Вскоре прибыл ответ из штаба фронта. В сообщении подробно излагались все сведения об этом немецком городе: количество зданий, их стиль, время постройки, техническая характеристика сооружений, способ планировки, занятия жителей и многое другое. Бакланова более всего заинтересовали экономические сведения о районе, прилегающем к городу; это, оказывается, был старый район маслоделия и сыроварения, а город издавна обслуживал свой район как складское хозяйство и как центр оптовой торговли с потребительским западом Германии. В городе, особенно в средней его части, есть большое число зданий, говорилось в справке штаба, где подземная часть зданий относится по кубатуре к внешней, наземной, как 3 : 2, потому что в подземной части находятся помещения с постоянно пониженной температурой для хранения продовольственных товаров – сливочного масла и сыра, главным образом.
– Вот что мне нужно было! – обрадовался Бакланов.
Он вызвал начальника штаба, и вместе с ним они заново прочитали план города.

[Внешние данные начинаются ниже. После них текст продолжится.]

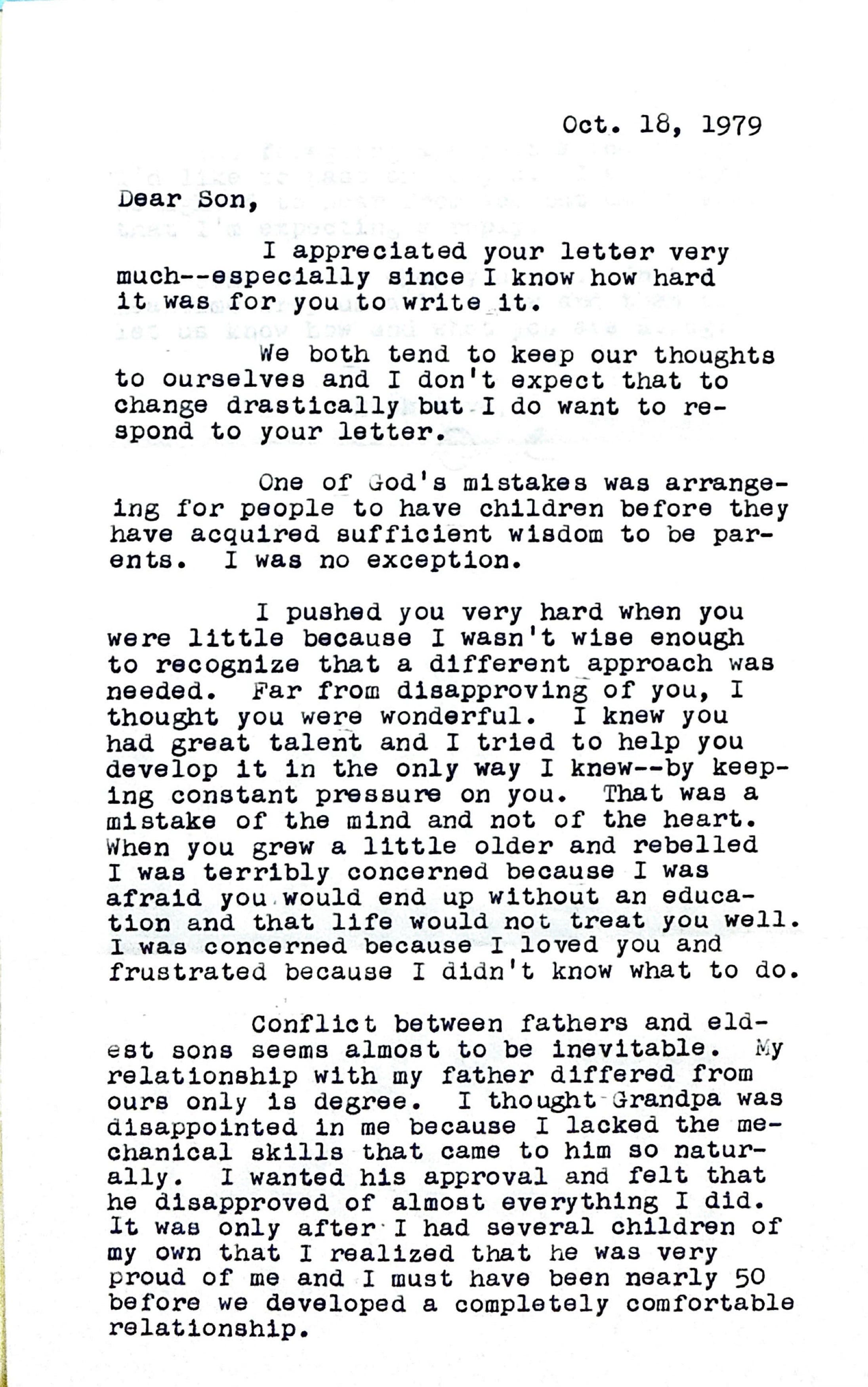 In October of 1979, Charles Joseph McCarthy wrote the following to his son, forty-six years old at the time:
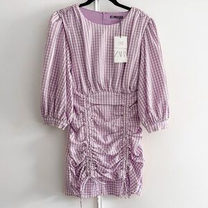 ZARA Blogger Lilac Gingham Ruched Mini Dress
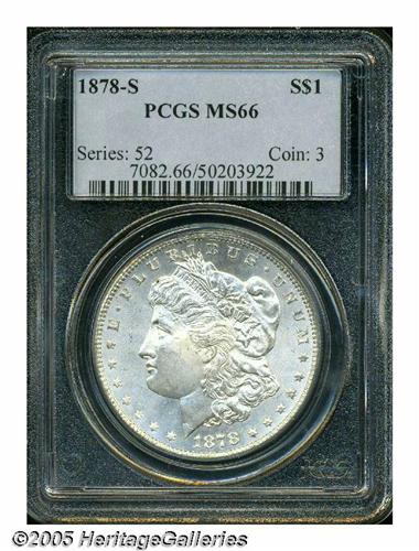 <B>1878-S<S$1> MS66 PCGS.</B></I> The 1878-S is a popular and, through MS65, plentiful early San Francisco Mint dollar. It becomes somewhat more difficult in Premium Gem, the grade of the specimen we offer here. Its availability drops off considerably in higher states of preservation, where PCGS and NGC combined have certified only 43 specimens (4/05). This example portrays excellent delineation on all of the design features, and has bright luminous surfaces. A touch of gray-tan patina is noted on the motifs. The surfaces are well preserved, displaying just a couple of small contact marks on Liberty's forehead.

Здания в центре города имели два, три, иногда четыре этажа; здания стояли близко одно к другому, их внешний объем поддавался довольно точному расчету; однако подвалы под ними не могли быть по глубине равными высоте зданий, и все же они были на 3/2 больше объема наземных зданий, – следовательно, подземные помещения распространялись в ширину, но тогда они должны были занимать почти всю площадь в центральной части города.
Бакланов до войны был землеустроителем; он умело прикинул на счетной линейке кубатуру подземных помещений и нарисовал на плане города приблизительное очертание расположения подвалов – наименьшую площадь, которую они должны занимать.
– Ясно теперь? – спросил полковник у майора Годнева.
– Не совсем, Алексей Алексеевич.
– Ясно. Они соединили все подвалы города в один лабиринт промежуточными тоннелями, а кверху – почти в каждый монументальный дом – у них есть вертикальные шахты-выходы, по ним они и маневрируют: каждый дом может быть дотом и через полчаса им не быть. Вот в чем была загадка. В этом складском лабиринте под землей у них техника, боеприпасы, гарнизон, даже цивильные немцы, а наверху у них огневые расчеты и оперативные группы. Я думаю теперь, они туда даже танки свои закатывают...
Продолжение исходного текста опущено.